Her face fell, and I’m pretty sure her summer tan faded a bit.

  There are some fields behind Abby’s subdivision that lead down to a small creek, where we’ve spent hours splashing around and catching crawdads. It’s kind of our spot. Or one of them, anyway.

  We climbed over the rail fence and set off into the waist-high weeds and grass at the back of their property. I walked quietly for a minute before I started in.

  “The news isn’t, um . . . good.”

  Abby watched me while I grabbed a big stick out of the path and threw it to the side. “So, it’s cancer?”

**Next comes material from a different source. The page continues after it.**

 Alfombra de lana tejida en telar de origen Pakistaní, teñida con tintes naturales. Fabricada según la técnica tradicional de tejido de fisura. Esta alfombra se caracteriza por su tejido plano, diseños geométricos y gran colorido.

  “Yeah.” I let out a slow breath. “It is. And it’s some rare kind or something. Of course.”

  “What kind is it?”

  “I don’t know.” We both hopped down a small embankment. “I don’t really want to know. At least not right this second. It’s a mugga-mugga epi-carny lacri-cancer or something. It’s super bad and aggressive, apparently. Whatever that means.”

  I heard Abby behind me and realized she’d stopped.

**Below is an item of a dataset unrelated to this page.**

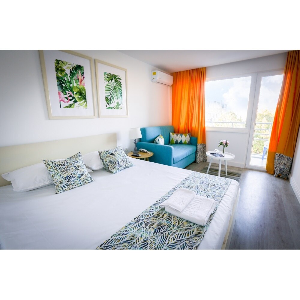 Camera dubla matrimoniala: cuprinde un spatiu deschis cu o suprafata de 18 mp, zona pentru dormit cu un pat matrimonial, cu sau fara canapea extensibila 134 cm * 194 cm, baie cu dus si balcon.
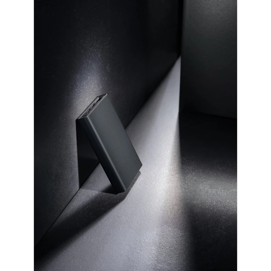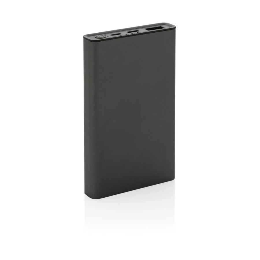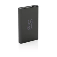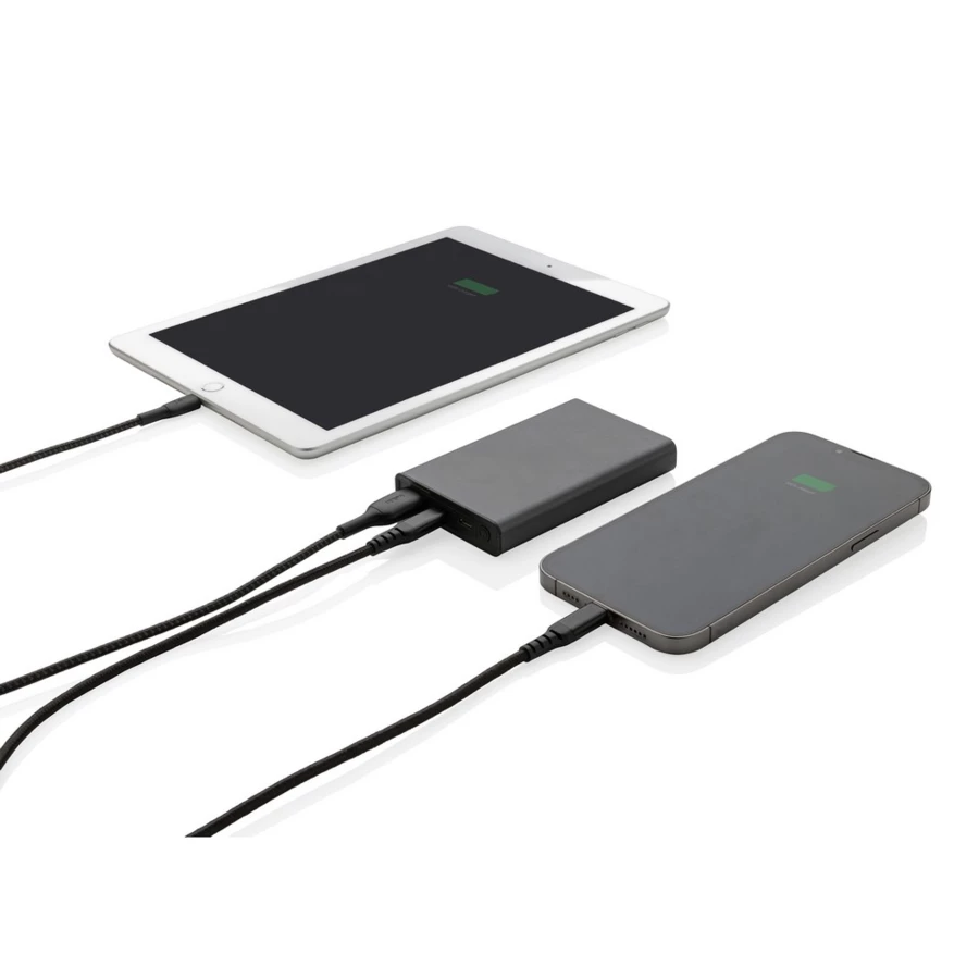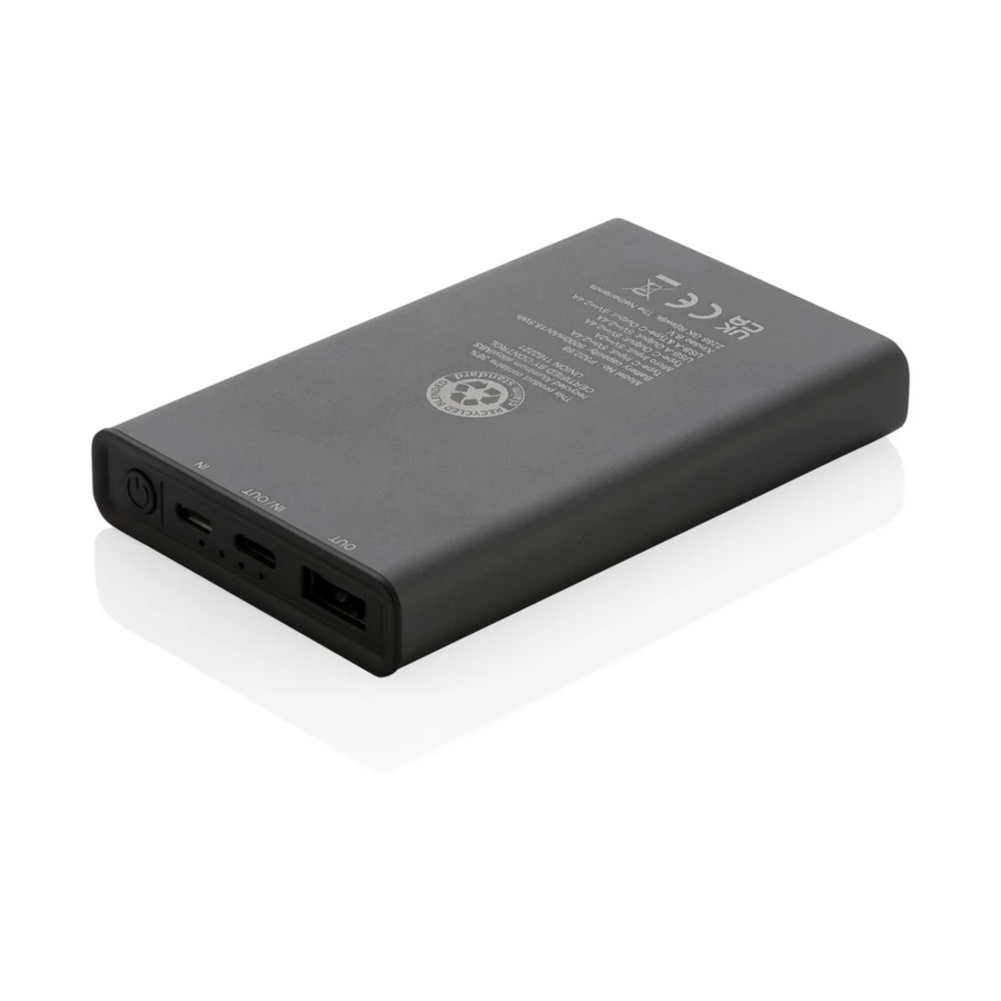 Power bank 5000 mAh, 4 wskaźniki poziomu naładowania, wykonany z aluminium i ABS z recyklingu c certyfikatem RCS, zawartość materiałów z recyklingu obliczona na podstawie wagi przedmiotu 36%, wyjście USB 5/2.4A, wyjście typu C 5 V/2.4A, wejście typu C 2.4A, wejście micro USB 5V/2A, kabel w komplecie, w pudełku z certyfikatem FSC® mix, ślad węglowy produktu: 2,23 kg CO2

  “Oh, Ross.” I turned around, and she had watery eyes. “I’m sorry.” She put her arms around me in a big hug. I felt tears stinging my eyes and nose.

  I told her what I remembered about the specialist and all the horrifying eye stuff as we took off our socks and shoes and waded into the creek. Everything looked . . . different. I was looking at the world through post-cancer-diagnosis eyes.

  I wondered if this was the last time I’d be able to look around these woods.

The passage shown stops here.